Research shows that houses near exhaust from vehicles, trains or airplanes can be affected by carbon soot stains. Leaky furnaces, gas ranges, fireplaces and cigarette smoke can also cause carbon soot stains.
However, recent studies show that a common cause of carbon soot stains is the use of candles in the house.
Some candles — particularly those made of low-quality paraffin wax and those using oils for scent — produce more soot than others.
Wick length and the amount of oxygen a candle gets can also cause overproduction of carbon soot.
To find out if a candle produces carbon soot, burn it on top of a turned-on television. After several hours, wipe the screen with a clean, white cloth or tissue. If there is soot on the cloth, switch to another make of candle.
Several candle manufacturers print warning labels about carbon soot on their packages. Air movement
Carpets act as filters for airborne particles. For example, if a bedroom door is usually kept closed, positive pressure caused by the supply register blowing air into the room will force the air underneath the door. As the air moves underneath the door, the carpet fibres trap the particles. Over time, the carpeting begins to darken. Staining can become quite noticeable, especially in light-coloured carpeting. How to avoid the problem
Prevention is the best way to reduce or avoid soot staining.
* avoid light-coloured carpet, * keep soot sources out of the house — choose your candles wisely, * prevent pollutants from entering the house, * prevent air from passing through the carpet.
Keeping soot from entering your house requires a fairly complicated ventilation system. Preventing air from moving in your carpet requires some thought, good design and quality construction.
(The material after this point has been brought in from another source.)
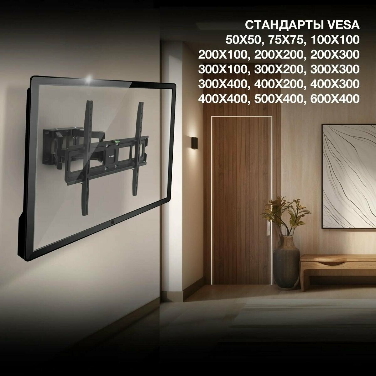 Стандарт Vesa: 50х50 мм, 75х75 мм, 100х100 мм, 100х200 мм, 200х100 мм, 200х200 мм, 200х300 мм, 300х100 мм, 300х200 мм, 400х200 мм, 300х400 мм, 400х300 мм, 400х400 мм, 500х400 мм, 600х400 мм;
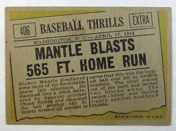 ORIGIANL 1961 TOPPS MANTLE CARD, GRADES EXCELLENT, GREAT COLOR & GLOSS

Air movement in a house requires a pressure difference and an opening. Air can not pass through a carpet if the floor underneath is continuous. It will move where there are cracks and discontinuities, which can occur at the floor-wall junction, stairs, near registers or where the subfloor panels join. A continuous air barrier (such as plastic sheeting or sealed subfloor) will prevent air moving through carpet.
A tightly built house, with few or no air leaks, will not have air leaking into the house through exterior walls.
But rooms with supply ducts and no returns could have a problem if the doors are kept closed. Unsealed duct runs, or return air ducts that use the floor joists, are apt to cause pressure differences.